I only ever mention I work at Target if I have a VERY rude Cashier who refuses to help me. I always politely say "You know if you came to my store and you felt you were being charged the wrong price, I would have fixed it for you without so much as a second thought! and since it is only a 4 dollar difference that would not be a problem at all! "


----------



## 3LetterDevil (Dec 16, 2015)

Have to admit, I was kind of a bitch the other day at the other store I work at. The SBTM was giving me a hard time about using a coupon with my TM discount. Fortunately, a newb was making my drink while we were having our "discussion," but it ended up with the LOD being called over & her being coached. She was also rude to the guest before me, who happened to still be sitting at a table and put her 2 cents in and recommended she "find another line of work." lol!


----------



## Firefox (Dec 16, 2015)

tgtcpht said:


> Have to admit, I was kind of a bitch the other day at the other store I work at. The SBTM was giving me a hard time about using a coupon with my TM discount. Fortunately, a newb was making my drink while we were having our "discussion," but it ended up with the LOD being called over & her being coached. She was also rude to the guest before me, who happened to still be sitting at a table and put her 2 cents in and recommended she "find another line of work." lol!

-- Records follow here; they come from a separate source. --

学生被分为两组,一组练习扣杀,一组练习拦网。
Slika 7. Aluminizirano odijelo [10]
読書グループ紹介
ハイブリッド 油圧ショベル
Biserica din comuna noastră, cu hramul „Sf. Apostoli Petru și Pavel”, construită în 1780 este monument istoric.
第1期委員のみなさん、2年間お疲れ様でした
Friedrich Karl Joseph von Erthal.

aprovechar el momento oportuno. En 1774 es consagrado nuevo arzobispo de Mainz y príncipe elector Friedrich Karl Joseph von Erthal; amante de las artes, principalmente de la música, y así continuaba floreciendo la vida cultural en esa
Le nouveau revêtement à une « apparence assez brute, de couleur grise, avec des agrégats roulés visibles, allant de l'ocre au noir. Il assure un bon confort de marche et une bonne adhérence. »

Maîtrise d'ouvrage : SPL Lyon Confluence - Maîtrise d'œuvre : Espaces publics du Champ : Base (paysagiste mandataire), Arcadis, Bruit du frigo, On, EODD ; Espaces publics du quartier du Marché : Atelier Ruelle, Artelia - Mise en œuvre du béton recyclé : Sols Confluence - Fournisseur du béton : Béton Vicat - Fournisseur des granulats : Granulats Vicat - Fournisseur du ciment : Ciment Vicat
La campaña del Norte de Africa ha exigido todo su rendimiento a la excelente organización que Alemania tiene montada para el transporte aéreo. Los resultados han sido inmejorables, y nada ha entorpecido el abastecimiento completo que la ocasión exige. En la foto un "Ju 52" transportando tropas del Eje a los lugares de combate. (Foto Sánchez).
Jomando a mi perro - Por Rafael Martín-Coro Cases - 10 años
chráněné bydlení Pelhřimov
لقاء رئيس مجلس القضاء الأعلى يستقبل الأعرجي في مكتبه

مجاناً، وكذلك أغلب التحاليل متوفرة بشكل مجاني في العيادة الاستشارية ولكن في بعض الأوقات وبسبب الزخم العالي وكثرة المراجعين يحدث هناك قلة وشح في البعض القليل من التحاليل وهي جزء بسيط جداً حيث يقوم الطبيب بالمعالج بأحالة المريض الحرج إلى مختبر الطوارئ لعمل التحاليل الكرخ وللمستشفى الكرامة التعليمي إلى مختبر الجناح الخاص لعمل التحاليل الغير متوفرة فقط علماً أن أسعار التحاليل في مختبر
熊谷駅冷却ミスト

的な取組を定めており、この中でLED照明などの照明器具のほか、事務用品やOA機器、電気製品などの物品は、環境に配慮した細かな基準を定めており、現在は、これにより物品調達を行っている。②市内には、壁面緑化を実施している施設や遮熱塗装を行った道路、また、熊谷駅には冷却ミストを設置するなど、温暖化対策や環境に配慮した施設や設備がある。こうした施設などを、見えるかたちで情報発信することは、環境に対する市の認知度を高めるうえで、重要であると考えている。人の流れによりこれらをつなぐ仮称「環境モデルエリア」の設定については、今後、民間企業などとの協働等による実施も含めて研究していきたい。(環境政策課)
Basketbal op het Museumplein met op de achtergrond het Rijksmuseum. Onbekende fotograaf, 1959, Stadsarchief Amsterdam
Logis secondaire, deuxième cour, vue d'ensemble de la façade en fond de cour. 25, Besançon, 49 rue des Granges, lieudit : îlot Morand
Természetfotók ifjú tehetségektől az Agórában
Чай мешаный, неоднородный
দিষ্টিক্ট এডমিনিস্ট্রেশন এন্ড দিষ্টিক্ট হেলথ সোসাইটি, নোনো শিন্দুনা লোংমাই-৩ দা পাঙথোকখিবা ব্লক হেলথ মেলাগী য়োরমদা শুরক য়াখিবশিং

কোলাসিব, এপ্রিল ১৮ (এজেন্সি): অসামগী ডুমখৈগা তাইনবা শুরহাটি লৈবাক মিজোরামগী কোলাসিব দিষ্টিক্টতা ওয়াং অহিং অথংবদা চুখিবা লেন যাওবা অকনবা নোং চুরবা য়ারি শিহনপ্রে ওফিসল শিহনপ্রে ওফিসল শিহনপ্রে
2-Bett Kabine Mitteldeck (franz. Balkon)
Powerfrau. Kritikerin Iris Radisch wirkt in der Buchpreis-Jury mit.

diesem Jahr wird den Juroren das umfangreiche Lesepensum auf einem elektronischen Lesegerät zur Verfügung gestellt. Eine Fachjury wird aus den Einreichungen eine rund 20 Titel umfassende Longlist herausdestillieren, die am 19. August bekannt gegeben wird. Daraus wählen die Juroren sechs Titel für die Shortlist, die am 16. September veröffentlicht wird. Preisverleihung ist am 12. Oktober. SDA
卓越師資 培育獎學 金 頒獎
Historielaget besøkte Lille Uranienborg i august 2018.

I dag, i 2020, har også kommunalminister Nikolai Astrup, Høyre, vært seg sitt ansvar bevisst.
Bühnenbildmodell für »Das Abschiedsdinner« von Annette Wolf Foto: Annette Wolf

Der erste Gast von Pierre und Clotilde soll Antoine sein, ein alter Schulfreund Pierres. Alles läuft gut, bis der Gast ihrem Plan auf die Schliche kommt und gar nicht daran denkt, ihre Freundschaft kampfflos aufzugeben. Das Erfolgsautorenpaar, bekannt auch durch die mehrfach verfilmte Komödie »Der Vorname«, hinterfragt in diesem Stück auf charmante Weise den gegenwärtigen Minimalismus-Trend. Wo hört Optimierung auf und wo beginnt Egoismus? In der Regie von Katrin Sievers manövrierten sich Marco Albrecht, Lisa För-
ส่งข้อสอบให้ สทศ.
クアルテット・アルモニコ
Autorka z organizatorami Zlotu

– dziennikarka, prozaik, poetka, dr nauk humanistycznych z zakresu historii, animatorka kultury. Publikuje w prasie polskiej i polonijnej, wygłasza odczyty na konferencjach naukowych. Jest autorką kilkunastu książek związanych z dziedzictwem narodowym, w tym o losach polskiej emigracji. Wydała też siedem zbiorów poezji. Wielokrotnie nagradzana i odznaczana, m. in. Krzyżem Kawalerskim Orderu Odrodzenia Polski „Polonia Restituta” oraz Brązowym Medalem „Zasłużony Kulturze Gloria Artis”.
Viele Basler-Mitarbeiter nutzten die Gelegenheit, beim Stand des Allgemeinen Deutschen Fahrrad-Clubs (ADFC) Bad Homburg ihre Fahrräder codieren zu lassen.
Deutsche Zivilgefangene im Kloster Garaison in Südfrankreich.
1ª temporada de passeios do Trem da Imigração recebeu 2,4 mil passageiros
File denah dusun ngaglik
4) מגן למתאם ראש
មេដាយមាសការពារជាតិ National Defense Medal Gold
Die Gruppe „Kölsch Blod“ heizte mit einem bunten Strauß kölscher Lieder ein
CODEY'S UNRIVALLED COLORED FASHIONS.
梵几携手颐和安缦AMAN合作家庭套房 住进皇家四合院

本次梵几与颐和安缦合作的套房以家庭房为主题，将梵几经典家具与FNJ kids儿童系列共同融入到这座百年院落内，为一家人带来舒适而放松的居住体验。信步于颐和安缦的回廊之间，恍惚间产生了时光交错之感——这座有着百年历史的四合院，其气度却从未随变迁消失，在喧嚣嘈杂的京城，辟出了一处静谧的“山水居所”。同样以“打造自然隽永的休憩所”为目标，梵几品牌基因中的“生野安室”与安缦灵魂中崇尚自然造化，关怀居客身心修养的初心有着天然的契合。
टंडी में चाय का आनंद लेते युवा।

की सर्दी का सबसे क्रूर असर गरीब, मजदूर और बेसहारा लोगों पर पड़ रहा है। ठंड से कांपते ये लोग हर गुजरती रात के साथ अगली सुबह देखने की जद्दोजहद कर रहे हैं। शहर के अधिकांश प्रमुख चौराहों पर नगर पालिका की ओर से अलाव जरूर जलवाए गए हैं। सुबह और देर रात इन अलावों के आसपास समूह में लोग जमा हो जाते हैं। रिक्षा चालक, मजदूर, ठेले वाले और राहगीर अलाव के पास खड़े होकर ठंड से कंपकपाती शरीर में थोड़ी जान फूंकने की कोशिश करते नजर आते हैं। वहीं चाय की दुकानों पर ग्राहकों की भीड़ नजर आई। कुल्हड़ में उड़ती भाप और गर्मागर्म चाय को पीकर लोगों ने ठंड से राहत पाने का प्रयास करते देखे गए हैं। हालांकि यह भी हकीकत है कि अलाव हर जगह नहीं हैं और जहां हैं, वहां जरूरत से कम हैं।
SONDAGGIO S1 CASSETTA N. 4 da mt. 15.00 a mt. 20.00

What, so she thought that since you used your TM discount you should't use a coupon or something?


----------



## brizzy93 (Dec 16, 2015)

I judge. Hardcore. The store closest to me is actually pretty bad. I never get asked CIHYFS? No one even glances my way. I don't let on that I work for Target either until I present my discount card to scan.


----------



## 3LetterDevil (Dec 16, 2015)

Firefox said:


> What, so she thought that since you used your TM discount you should't use a coupon or something?


Exactly. She told me "you can only one or the other...they obviously didn't go over that in your training." She thought I was a NEWB! She obviously didn't notice the fact that my TM discount card is DEFINITELY NOT "new."


----------



## HRZone (Sep 2, 2016)

OffYaPhone said:


> Yeah, I had a TM from a different store try to give me her number one day and I was like sorry but I can't. I'm just trying to make sure I don't get myself in any trouble. Sorry, fellow TM!



Sure....


----------



## SalesFloorSylph (Sep 3, 2016)

One time I was shopping with a friend at another store and we were looking at light bulbs and when I took some my instinct kicked in and I actually brought the others forward like I was zoning. My friend was like "sylph, you're not getting paid to do that right now lol" and like I can't help it xD


----------



## TallAPGuy (Sep 3, 2016)

I was at a sporting goods store while on vacation in Oregon and I started following around this super shady guy. My dad told me I needed to "turn off [my] work mode."
I can't! Once I see shady shit, I have to at the very least let an employee know!


----------



## Kaitii (Sep 5, 2016)

Apparently I use my retail voice when I talk to employees in any other store

I hate myself a lil more now


----------



## Redzee (Sep 5, 2016)

I once knocked over 3 cans (non nesting) and didn't restack w the stocker on the aisle. Just eased away.


----------



## 3LetterDevil (Sep 6, 2016)

I was shopping at a stand alone CVS the other day and saw some nail polish that someone had dumped. I put it where it belonged. My son said, "Mom! You're off the clock!"


----------



## TTGOz (Sep 7, 2016)

I go in being able to understand the workers at this particular Target that I don't work at lol.


----------



## TheInnocentOne (Sep 8, 2016)

Usually try to just blend in with the crowd but sometimes I'll unconsciously start zoning a section or picking stuff up and have to stop myself.


----------



## redeye58 (Sep 8, 2016)

When I used to comp shop at our nearby Wally, there was an associate in cosmetics who knew what I was doing & would shoot me dagger looks until she saw me zoning one time after several tweens had wrecked the Cover Girl display. 
I also saw a known scammer there one time & alerted one of their guys.


----------



## NKG (Sep 17, 2016)

Im usually polite and shop like a civilized person. However, one time the cashier told me they had to scan my discount card at the end of my transaction which never has been a problem in the 10 other million times I checked out at Target. I almost lost my cool. He ended up forgetting to ring up my stuff at the bottom of my cart and had to scan them after my discount card which proved it doesn't matter when its scanned. I think the kid was new so i gave him a break but thats the only time i was never polite on another target.


----------



## HRZone (Sep 17, 2016)

Nokiddiegloves said:


> Im usually polite and shop like a civilized person. However, one time the cashier told me they had to scan my discount card at the end of my transaction which never has been a problem in the 10 other million times I checked out at Target. I almost lost my cool. He ended up forgetting to ring up my stuff at the bottom of my cart and had to scan them after my discount card which proved it doesn't matter when its scanned. I think the kid was new so i gave him a break but thats the only time i was never polite on another target.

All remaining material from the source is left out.